The bad news is that our sin sent Jesus (willingly) to the cross. The good news is that he was forsaken so that we could be accepted. And last I checked (a few hours ago), the tomb is empty.

This is really what our whole trip has been about in one way our another:  appreciating and loving Jesus more. I think that may well have happened. But you'll have to ask someone from the team yourself. Just get ready for a rather animated, and even lengthy, answer.

They leave at 1:30am - just a few hours. It's been an amazing 10 days.

Jeff, Angie and I are staying for three more, so you haven't heard the last of me.

Shrine of the Book

Where some of the Dead Sea Scrolls are displayed.

And the model of Jerusalem at Jesus' time.



Temple Steps

Sitting on some of the original steps from Herod's temple. Jesus walked on these very steps.

Also, a sign from one of the entrances to Jerusalem.



King David's Tomb



The Upper Room

Right above King David's tomb (traditional site, not established site) is the Upper Room. If authentic, this is the place where Jesus and the disciples shared the last supper.



The Western Wall Continued

Dave Sheard (middle, light shirt) prays that Edi will enjoy another wonderful 29 years. It's her birthday today.


Monday, March 19, 2012

The Western Wall

Monday and Thursday mornings are when barmitzvahs take place at the Western wall.

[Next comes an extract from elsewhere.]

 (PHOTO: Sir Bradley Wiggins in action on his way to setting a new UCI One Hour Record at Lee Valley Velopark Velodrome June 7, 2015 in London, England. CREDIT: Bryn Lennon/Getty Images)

We witnessed the joy of these families as their sons became "sons of the law."

We also saw the huge menora crafted in preparation for the building of the next temple.




The Ramparts Walk

This morning I read Psalm 48:
Walk about Zion, go around her,
number her towers,
consider well her ramparts,
go through her citadels,
that you may tell the next generation
that this is God,
our God forever and ever.
He will guide us forever.

So how cool was it to be able to do an unplanned walk around the top of the wall, starting at the Jaffa Gate and ending at the Western Wall. What a great way to see the city.

As the day progressed, a sandstorm blew in. I can taste the dust even now. You can see it in one of the pictures as a haze that gradually took over everything in the following hours.






Free Day In the Old City

Our guide left us to our own devices today, so we jumped on a train that had only been in operation 2 weeks. That means the officials have only been employed a short time and are anxious to do things by the book, or perhaps haven't even read the book yet.

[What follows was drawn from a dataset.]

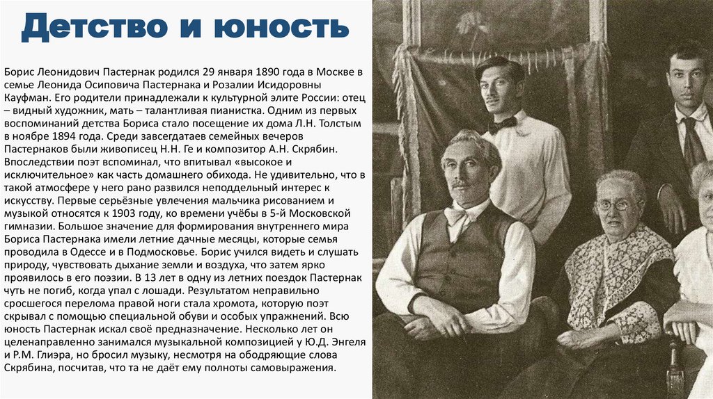 Детство и юностьБорис Леонидович Пастернак родился 29 января 1890 года в Москве в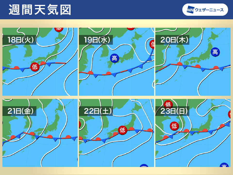 週明けの18日(火)にかけて前線が北上して西日本や東日本は天気が崩れる見込みです。その後、週の中頃にはいったん前線が離れ、全国的に晴天となります。

Anyway, in the crush and the rush, four of us didn't validate our tickets in the machine. So we were taken off the train, short of our destination. Actually, the four were taken off the train and, at first oblivious to what was happening, the rest of us luckily managed to also get off before it started moving again. Passports were looked at and fines were levied despite our attempts to play the "dumb foreigner" card, something I have reasonable experience doing. Hopefully our guide can convince the powers that be to be sensible.


Yad Vashem

Two-and-a-half hours at the holocaust museum was not nearly enough. Perhaps I'll go back on one of my days once the team leaves.

The horror of the slaughter of six million men, women and children can never be adequately communicated. But the museum does a superb job, even so.

We all came out very sober.



Sunday, March 18, 2012

Qumran

Cindy and Barb in front of the famous cave where the first Dead Sea Scroll was found: inside the clay jar was the Isaiah scroll. It was the oldest scroll by 1000 years.


Live! From the Dead Sea



Live Lakeview Babes at the Dead Sea


Down the Snake Path

Five of us snuck away, like Jewish zealots, and descended this ancient, famous path to the Roman army camp remains below.




Masada Contd

On top of Herod's mountain fortress.



Masada

The oldest synagogue in the world.


Off to the Dead Sea

Mike and I are the first ones on the bus. Obsessive-compulsive? No, we just want to sit in the front today.

The bus doors are open and it's freezing. Been 40 to 50 degrees colder than in Stoughton. Our guide says he can't remember when it was so cold.

We're headed to the lowest point on earth, so it should be a bit warmer.